14. No Warranty; Limitation of Liability
BLUEPEAK MAKES NO WARRANTIES ABOUT THE BLUEPEAK EQUIPMENT OR SERVICES, EXPRESS OR IMPLIED, INCLUDING, BUT NOT LIMITED TO ANY WARRANTY OF MERCHANTABILITY OR FITNESS FOR A PARTICULAR PURPOSE OR THAT THE SERVICES WILL BE UNINTERRUPTED OR ERROR-FREE. BLUEPEAK DOES NOT AUTHORIZE ANYONE TO MAKE A WARRANTY ON BLUEPEAK’S BEHALF AND THE CUSTOMER MAY NOT RELY ON ANY STATEMENT OF WARRANTY AS A WARRANTY OF BLUEPEAK. THIRD-PARTY ITEMS ARE PROVIDED AS IS AND WITHOUT WARRANTY. IN NO EVENT SHALL BLUEPEAK (OR ITS AFFILIATES, EMPLOYEES, OFFICERS, DIRECTORS, AGENTS AND THEIR SUCCESSORS) BE LIABLE TO THE CUSTOMER FOR ANY INDIRECT, SPECIAL, INCIDENTAL, CONSEQUENTIAL (INCLUDING LOSS OF PROFITS, REVENUE, BUSINESS OPPORTUNITIES, LOSS OF CUSTOMERS, CLIENTS OR GOODWILL) PUNITIVE, OR EXEMPLARY DAMAGES, ARISING IN ANY MANNER FROM THIS AGREEMENT AND/OR THE PERFORMANCE OR NONPERFORMANCE HEREUNDER, EVEN IF SUCH PARTY HAS BEEN ADVISED OF THE POSSIBILITY OF SUCH LOSSES OR DAMAGES, AND REGARDLESS OF THE NATURE OF THE CLAIM OR FORM OF ACTION, WHETHER IN CONTRACT OR TORT INCLUDING NEGLIGENCE. BLUEPEAK’S ENTIRE LIABILITY AND CUSTOMER’S EXCLUSIVE REMEDIES WITH RESPECT TO ANY SERVICE PROVIDED TO CUSTOMER (INCLUDING WITHOUT LIMITATION WITH RESPECT TO THE INSTALLATION, DELAY, PROVISION, TERMINATION, MAINTENANCE, REPAIR, INTERRUPTION, OR RESTORATION OF ANY SUCH SERVICE) OR BREACH OF THIS AGREEMENT, WHETHER IN AN ACTION FOR OR ARISING OUT OF BREACH OF CONTRACT, TORT, INCLUDING NEGLIGENCE, INDEMNITY OR STRICT LIABILITY, SHALL BE LIMITED TO A MAXIMUM OF A TOTAL AMOUNT OF ALL FEES PAID BY CUSTOMER TO BLUEPEAK IN THE MOST RECENT THREE-MONTH PERIOD HEREUNDER EXCEPT TO THE EXTENT LIABILITY CANNOT BE LIMITED UNDER APPLICABLE LAW. THE PROVISIONS OF THIS SECTION CONSTITUTE AN ALLOCATION OF RISK BETWEEN THE PARTIES AND THE PRICE CHARGED CUSTOMER IS BASED ON SUCH ALLOCATION OF RISK. THE TERMS OF THIS SECTION SHALL SURVIVE THE FAILURE OF AN EXCLUSIVE OR LIMITED REMEDY OR THE TERMINATION OF THIS AGREEMENT FOR ANY REASON.
15. DMCA
Bluepeak is committed to complying with U.S. copyright and related laws, and expects all of our customers, users, and visitors (collectively and each individually, “users”) to comply with these laws. Users may not store any material or content on, or access, share, or disseminate any material or content over, any of our product or service offerings that in any manner that infringes third party intellectual property rights, including U.S. copyright rights.
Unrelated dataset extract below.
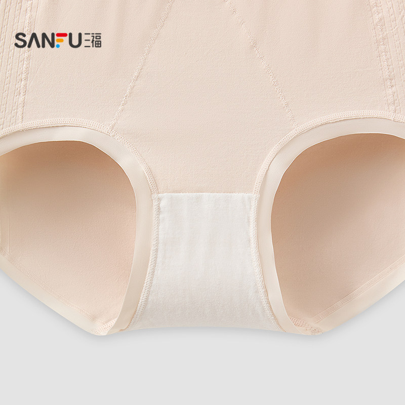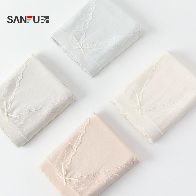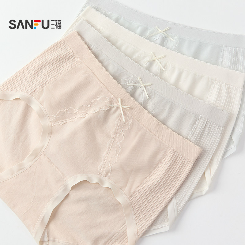 📚 三福 女高腰包臀内裤 简约无缝提花蕾丝花边柔软三角裤女513527
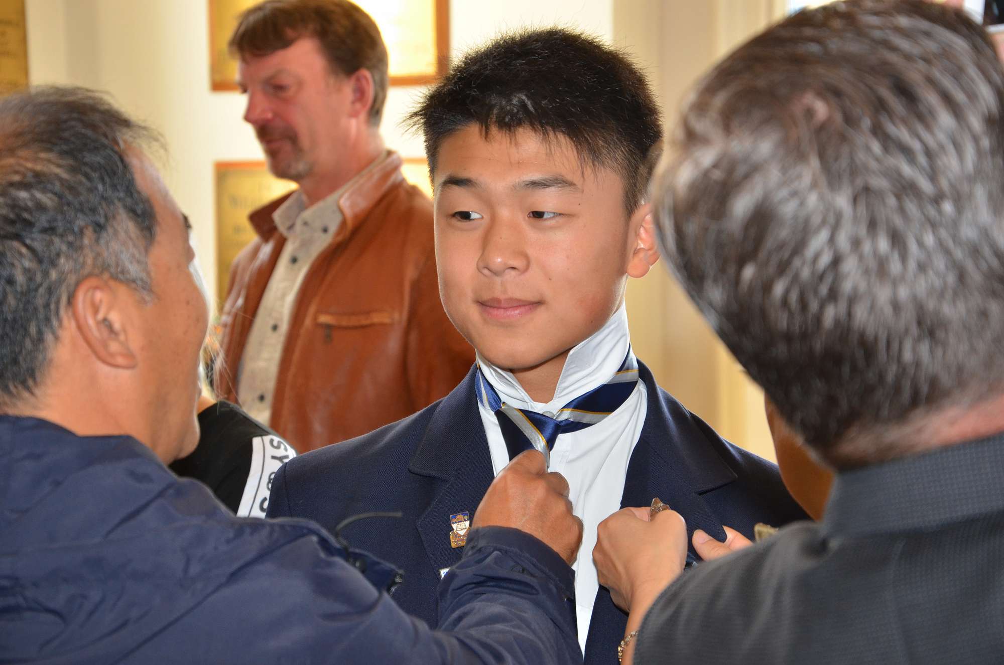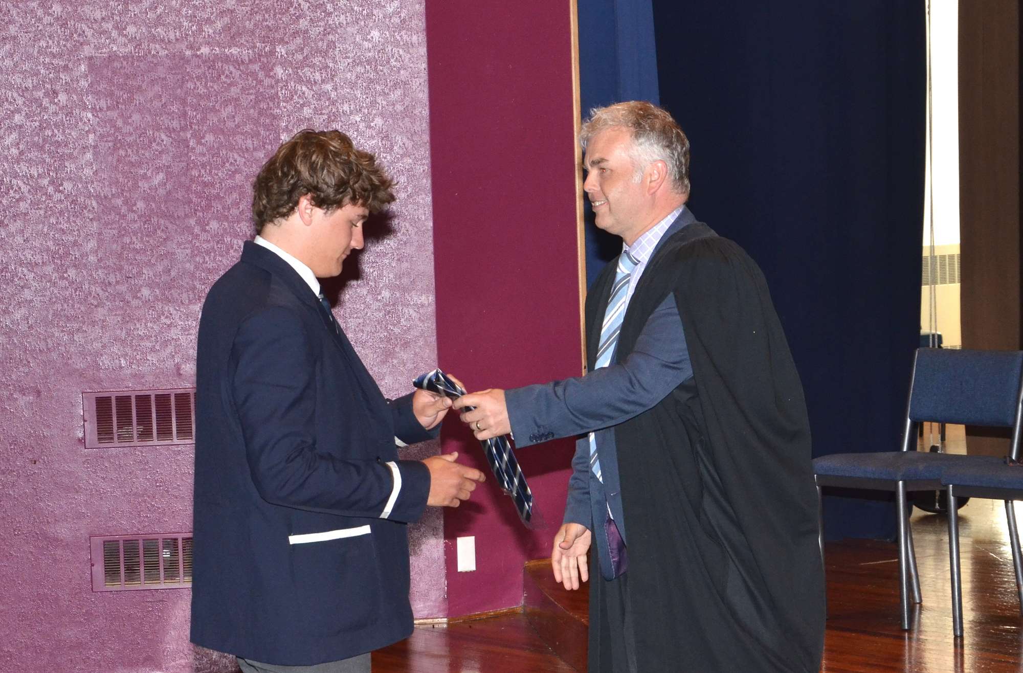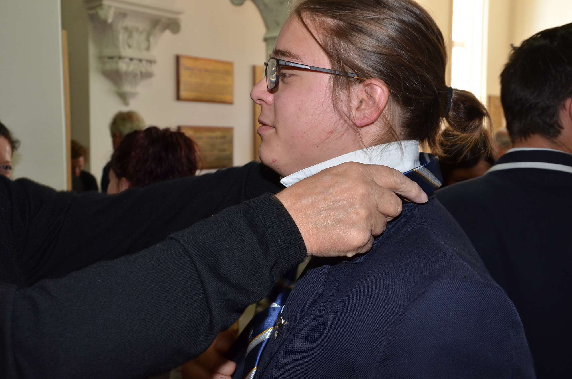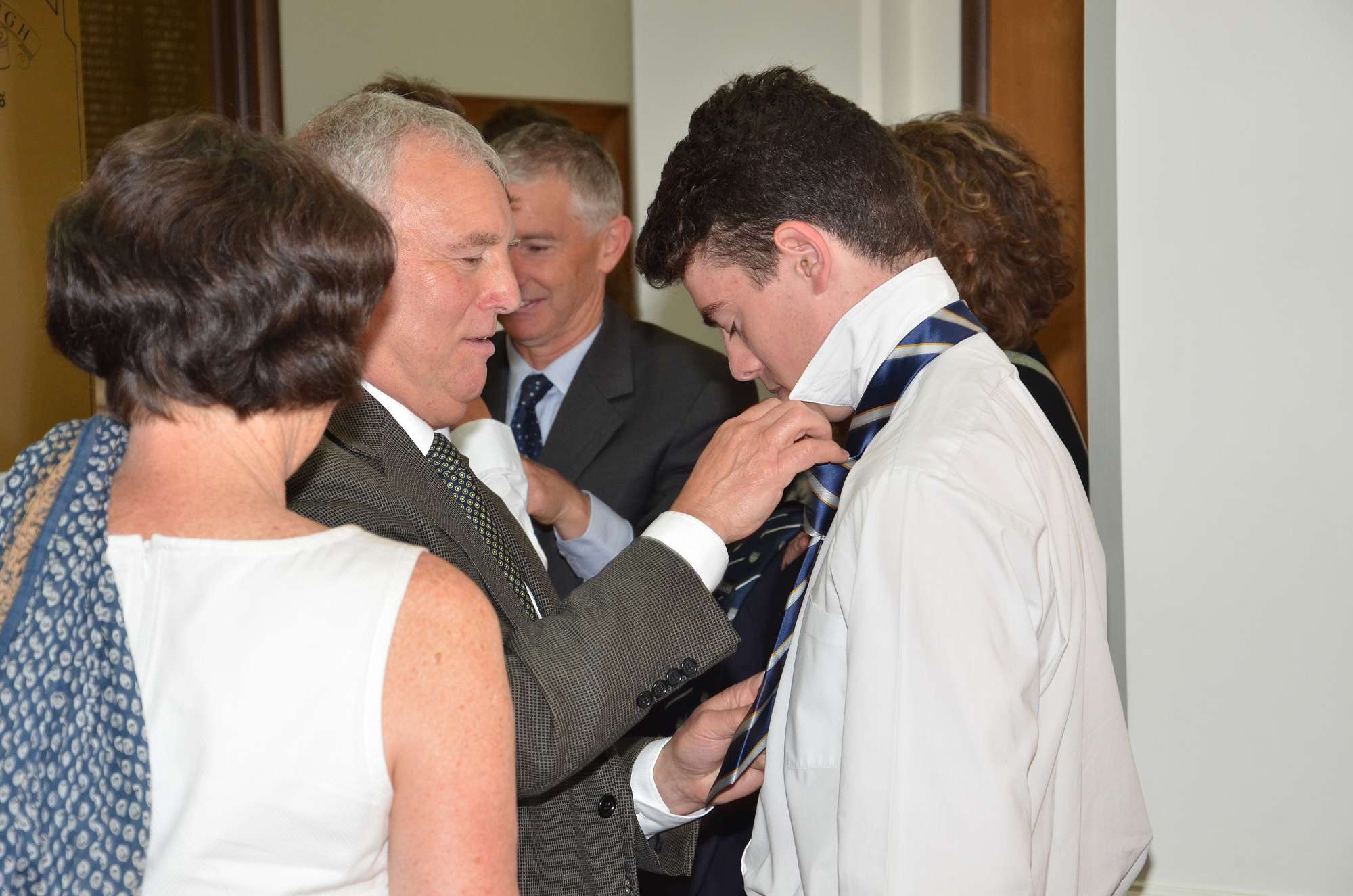 Following the ceremony a number of parents took pleasure in placing badges on their son's blazers and tying their new ties for the first time.

We comply with the Digital Millennium Copyright Act (“DMCA”) and provide a method for copyright owners to communicate information about alleged infringements to us, and for us to inform our users about them, as further described below. Users may receive notices or alerts if their Bluepeak account is identified by a copyright owner as having been used in connection with acts of alleged copyright infringement. We understand that copyright owners may use their own notification of claimed infringement form that satisfies the requirements of the DMCA. If you are the owner of a copyrighted work who believes that your rights under U.S. copyright law have been infringed by our subscribers or any material on our offerings, you can report that to us by sending our authorized agent a properly authenticated notification of claimed infringement that satisfies the requirements of the DMCA to the address listed below:
DMCA Notifications
Copyright Manager—Network Operations Center
Address: 4600 S. Ulster, Ste. 1300 Denver, CO 80237
Phone:1-888-975-4258
Email: Abuse@MyBluepeak.com
Bluepeak maintains a policy to terminate a Bluepeak account, in appropriate circumstances, where any user of the account is a repeat infringer of third-party copyright rights under our repeat infringer policy. Our policy includes graduated or escalated alerts of alleged infringements, required action by users for certain alerts, suspension of a Bluepeak product or service offering, the application of other interim measures determined in Bluepeak’s sole discretion to the offering, and, in appropriate circumstances, termination of the offering (and other services provided by Bluepeak to the user). We also reserve the right to terminate our offerings at any time with or without notice for any affected user who we, in our sole discretion, believe is infringing any copyright or other intellectual property rights.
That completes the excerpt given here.